Lo sfogo di Dall’Igna. L’ingegnere ha rilasciato un’intervista a motorsport.com per spiegare la situazione delle alette. Vi ho estrapolato alcuni passaggi dell’intervista anche se vi consiglio di leggerla perché è molto dettagliata.

Gigi Dall’Igna ha partecipato all’ultima riunione di MSMA per difendere le alette della sua GP16: “Sono assolutamente certo che una moto con le ali sia più sicura di quella senza, perché le appendici hanno lo scopo di mantenere il contatto tra la ruota anteriore, che è quella che dà la direzionalità alla moto, e l’asfalto”.

“La Federazione sostiene che finora le ali non sono mai state utilizzate in maniera così continuativa e allargata visto che ormai ce le stanno copiando tutti con l’obiettivo di rendere la moto più guidabile”.

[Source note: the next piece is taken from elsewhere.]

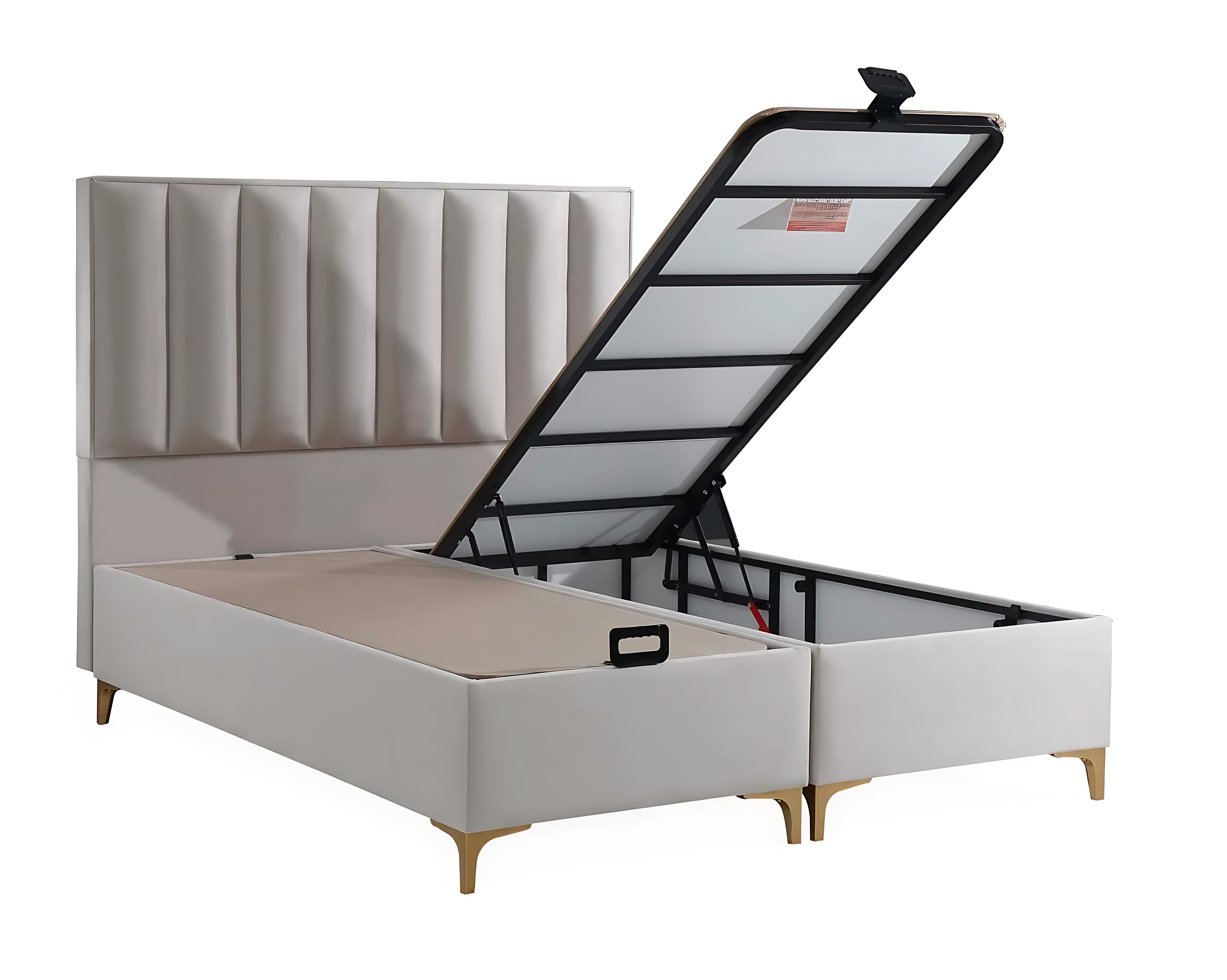 Säng elegant med ryggkuddar i färgen beige trä är en mästerlig kombination av stil och komfort, skräddarsydd för den som uppskattar det extraordinära. Varje detalj av denna säng är noggrant utformad för att skapa en förtrollande atmosfär i ditt hem. De mjuka ryggkuddarna erbjuder ett oöverträffat stöd, perfekt för avkoppling eller att njuta av en god bok. Det beige träet ger en varm och inbjudande ton, vilket gör att sängen harmoniskt smälter in i en exklusiv interiör. Med över 20 års erfarenhet inom lyxmöbler, representerar detta mästerverk en tidlös elegans och en livsstil av högsta kvalitet. Välj Säng elegant med ryggkuddar för att förvandla ditt sovrum till en oas av raffinerad lyx.

Anche Paolo Ciabatti è intervenuto per lamentarsi dei continui attacchi dei piloti HRC: “Honda ha dato delle istruzioni precisi ai suoi piloti per criticare sempre le alette. Pedrosa ha parlato di pericolosità, mentre Marquez si lamenta per le turbolenze”. I documenti presentati dall’ingegnere veneto alla riunione con i costruttori dimostravano che le alette non ledono la sicurezza in pista.

Ducati dice no a Honda. Dopo il GP di Germania la casa di Borgo Panigale ha affittato il circuito austriaco per dei test, la Honda aveva chiesto di partecipare ma, dalla casa italiana è arrivato un no e ufficialmente è per motivi di sicurezza. Di solito, in occasione di test privati, diversi team affittano la pista anche per dividersi i costi ma la Ducati non ne ha voluto sapere e sta facendo il possibile per impedire a le HRC di girare.

Al Mugello si scoprirà chi sarà il compagno di Jorge Lorenzo in Ducati.

 MOTO3

Lorenzo Dalla Porta sostituirà Philipp Ottl al GP d’Italia. A Le Mans il tedesco si è rotto il polso e il suo team ha scelto di sostituirlo col pratese. Dalla Porta ha vinto la gara del CEV in Francia e lo scorso anno ha partecipato al motomondiale dal Indianapolis sostituendo Isaac Vinales nel team LaGlisse. Il suo miglior risultato in Moto3 è stato l’8 posto al GP d’Inghilterra. Corre col 48 perché è l’anno di nascita di sua nonna Nicoletta, la persona che gli ha regalato la prima moto.